══ Recorded information ══
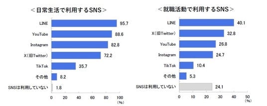 ○就活でのSNS利用、「LINE」が4割で最多(40.1%)。「X(旧Twitter)」が3割台で次点
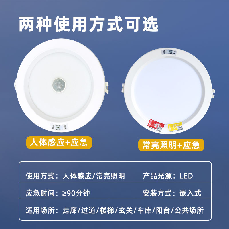 消防led筒灯嵌入式应急照明灯家用工程商用灯人体感应一体应急灯
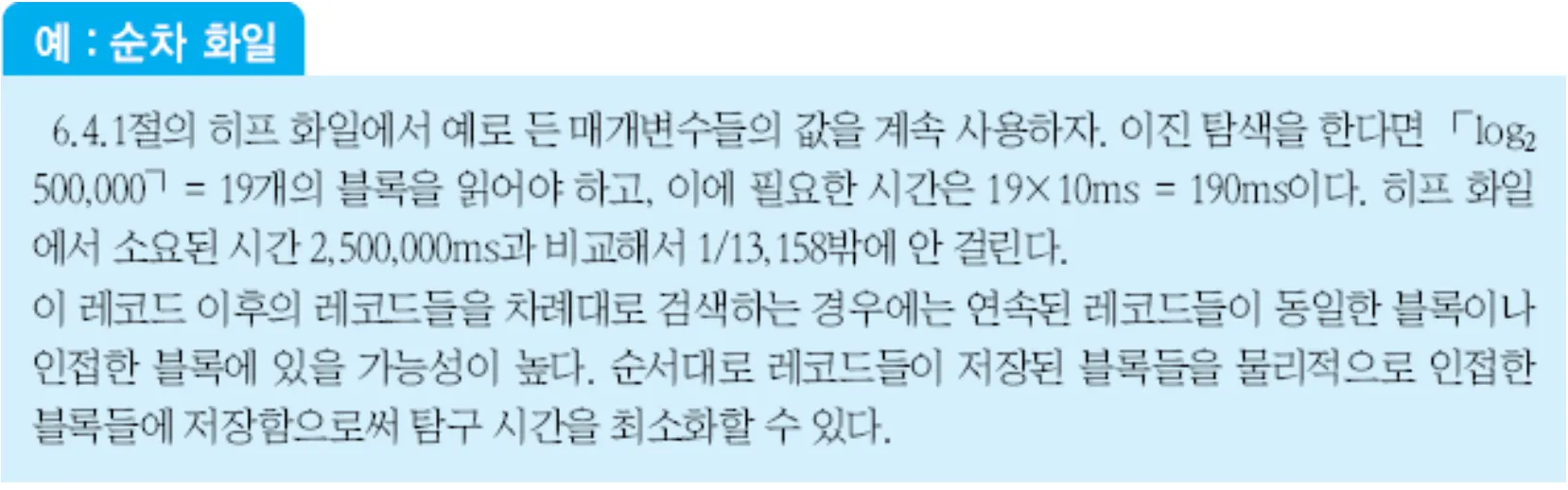 - 레코드들이 일반적으로 레코드의 탐색 키(search key) 값의 순서에 따라 저장
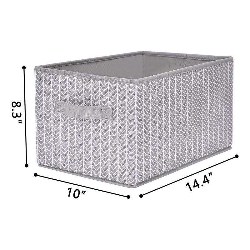 Easy-to-assemble storage bins with thick cardboard and 2 handles. Ideal storage organizer for towels, tee shirts, accessories, magazines, and more at the home, living room, den or office. The lidless design makes it easy for you to find what you need without rummaging around. Collapsible design of this storage basket makes it convenient to save space and take along. You could simply fold it up when you don’t use it or when you need it for travel use. Storage box measures 14.4-Inch x 10-Inch x 8.3-Inch, 100% polyester.
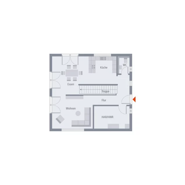 Zeitlose Eleganz von außen, großzügiger Raum und ein besonderes Raumgefühl von innen - das zeichnet unser Design 10 aus. Unter dem Satteldach erwarten etwa 135 m² auf zwei Ebenen darauf, bezogen und mit Leben gefüllt zu werden. Im Erdgeschoss steht Offenheit im Mittelpunkt: Der großzügige Wohn-Ess-Koch-Bereich erstreckt sich fast über die gesamte Ebene und wird lediglich durch die zentral platzierte Treppe von der Diele getrennt. Das Ergebnis ist ein heller, einladender und großzügiger Raum, ideal zum Wohlfühlen und Zusammenkommen. Im Eingangsbereich befinden sich zudem ein kleines Gäste-WC sowie ein großer Hauswirtschaftsraum. Über die mittig platzierte Treppe gelangt man ins Obergeschoss. Hier gibt es ausreichend Platz für Eltern und bis zu zwei Kinder. Die Eltern genießen ein großzügig gestaltetes Schlafzimmer mit separatem Ankleideraum, während zwei große Kinderzimmer ebenfalls keine Wünsche offenlassen. Das Raumangebot in der oberen Etage wird durch ein geräumiges Badezimmer mit Dusche, Badewanne und WC abgerundet.
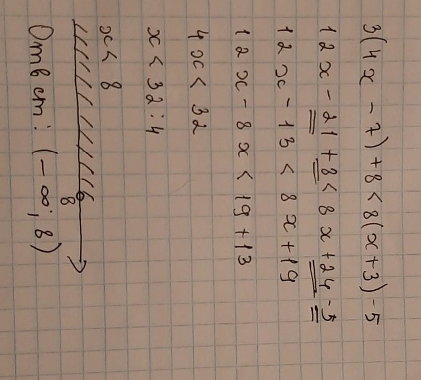 3(4х-7)+8<8(х+3)-5
═══
### [Problem details]
From the very first line of the listing above through the line that holds "- 레코드들이 일반적으로", write out each line exactly as it stands, leaving pictures out.

### [Completed exercise]
 ○就活でのSNS利用、「LINE」が4割で最多(40.1%)。「X(旧Twitter)」が3割台で次点
 消防led筒灯嵌入式应急照明灯家用工程商用灯人体感应一体应急灯
 - 레코드들이 일반적으로 레코드의 탐색 키(search key) 값의 순서에 따라 저장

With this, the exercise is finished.